Gordon and Montañez’s “Carpe Diem”

November 13th, 2017
November 13th, 2017toNovember 13th, 2018

by Abigail Ramos (Syracuse University Florence)

From October 28th to November 9th, the Società delle Belle Arti showcased works of art by international artists Antonia Pia Gordon and Ale Montañez in an exhibit entitled “Carpe Diem.” While the artists’ styles were very different, their paintings both highlighted the permanence of art and the individual’s struggle to come to terms with his mortality.

Modern art is a peculiar delightful thing in terms of interpretation, and this exhibit truly highlights that, especially in Gordon’s works. While other works of art from other periods in art history (for example, the Renaissance) have clear meanings and ulterior motives for painting a certain subject (such as political or religious), modern art offers interpretative freedom to the viewer themselves. Because Gordon’s works are so simple, they open up many meanings for viewers to take in, whereas in works of art from the Renaissance, it is clear that the artists of that time were trying to depict a specific meaning or idea. With modern art, however, as displayed in this exhibit, the viewers are given a more liberal approach in terms of interpreting these simple, yet at the same time complex paintings.

With a large dot in the middle of a bright background, there doesn’t seem to be much to it from the first glance. However, in an exhibit entitled “Carpe Diem” where most of the art focuses on the inner consciousness of man, Gordon’s paintings can be interpreted as something like man’s constant feeling of isolation in the universe, or maybe even the struggle of coming to terms with his own morality, while pieces of art and even nature itself continue to live on long after him.

Ale Montañez’s expressionistic works, on the other hand, have clearer subjects, but the meanings take on similar meanings to those of Gordon’s.

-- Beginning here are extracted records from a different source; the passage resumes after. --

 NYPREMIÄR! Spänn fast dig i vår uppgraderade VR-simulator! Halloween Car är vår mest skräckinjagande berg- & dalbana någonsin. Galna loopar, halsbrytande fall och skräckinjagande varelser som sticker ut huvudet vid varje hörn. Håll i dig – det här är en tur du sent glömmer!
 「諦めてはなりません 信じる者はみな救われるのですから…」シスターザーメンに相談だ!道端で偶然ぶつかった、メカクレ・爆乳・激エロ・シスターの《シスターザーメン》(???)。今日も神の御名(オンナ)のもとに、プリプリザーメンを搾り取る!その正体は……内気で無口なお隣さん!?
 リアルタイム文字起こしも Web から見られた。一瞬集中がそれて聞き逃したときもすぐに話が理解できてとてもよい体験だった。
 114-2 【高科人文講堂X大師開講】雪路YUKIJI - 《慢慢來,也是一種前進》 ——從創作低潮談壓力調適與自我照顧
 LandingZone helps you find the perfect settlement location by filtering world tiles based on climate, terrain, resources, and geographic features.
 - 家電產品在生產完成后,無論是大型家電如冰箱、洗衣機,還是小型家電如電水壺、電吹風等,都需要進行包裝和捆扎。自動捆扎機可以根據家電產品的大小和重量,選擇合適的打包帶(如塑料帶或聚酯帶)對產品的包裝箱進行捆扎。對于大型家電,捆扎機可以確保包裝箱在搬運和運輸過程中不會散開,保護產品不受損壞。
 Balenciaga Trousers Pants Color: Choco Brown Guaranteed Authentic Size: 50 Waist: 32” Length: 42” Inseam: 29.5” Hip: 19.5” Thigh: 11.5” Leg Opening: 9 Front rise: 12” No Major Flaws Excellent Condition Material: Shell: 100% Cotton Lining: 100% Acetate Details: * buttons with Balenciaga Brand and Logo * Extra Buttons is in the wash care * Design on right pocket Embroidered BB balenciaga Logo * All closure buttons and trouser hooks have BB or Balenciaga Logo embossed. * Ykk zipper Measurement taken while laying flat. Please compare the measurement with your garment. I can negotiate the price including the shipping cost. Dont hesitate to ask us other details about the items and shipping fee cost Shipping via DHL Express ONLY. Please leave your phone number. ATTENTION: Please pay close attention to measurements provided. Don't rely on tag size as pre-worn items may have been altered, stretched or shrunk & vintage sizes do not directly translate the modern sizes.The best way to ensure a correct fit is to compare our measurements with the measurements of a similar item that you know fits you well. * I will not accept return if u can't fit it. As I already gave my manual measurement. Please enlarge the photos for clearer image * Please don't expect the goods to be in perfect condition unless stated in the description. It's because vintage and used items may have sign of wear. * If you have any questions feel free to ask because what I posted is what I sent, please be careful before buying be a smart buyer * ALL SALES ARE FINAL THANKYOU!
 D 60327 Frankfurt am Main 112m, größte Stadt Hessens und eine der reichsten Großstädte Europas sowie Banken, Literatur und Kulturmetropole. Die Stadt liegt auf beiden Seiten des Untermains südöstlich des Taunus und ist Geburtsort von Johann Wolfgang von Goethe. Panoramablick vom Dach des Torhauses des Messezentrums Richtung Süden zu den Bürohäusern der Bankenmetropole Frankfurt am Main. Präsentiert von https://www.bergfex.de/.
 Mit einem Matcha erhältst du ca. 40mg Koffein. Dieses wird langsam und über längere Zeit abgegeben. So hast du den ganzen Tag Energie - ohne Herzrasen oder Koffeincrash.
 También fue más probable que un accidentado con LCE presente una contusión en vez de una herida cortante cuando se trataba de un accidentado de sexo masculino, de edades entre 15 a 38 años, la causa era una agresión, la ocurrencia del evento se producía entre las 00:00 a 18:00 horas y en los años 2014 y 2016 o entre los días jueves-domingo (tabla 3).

This piece, entitled “Faces, mirrors” could be interpreted as the multiple personalities that an individual takes on in his lifetime, and the dark background could be interpreted as the unknown, and how individuals continue to battle the unknown by going through different stages in their life, trying to find meaning out of it all.


Living in Florence, it can be so easy to get accustomed to the beautiful Renaissance art that is all around you. As the Madonna and Child is portrayed nearly everywhere you walk and in every gallery you find yourself in, it is refreshing to see a work of art that is intensely thought-provoking and complicated, in which the works of Gordon and Montañez offer a window to another world outside of the Renaissance-saturated city that is Florence. This exhibit tackles internal struggles, along with the idea of mortality and permanence, of man’s constant battle between the seemingly infinite and eternal nature with his own decaying state.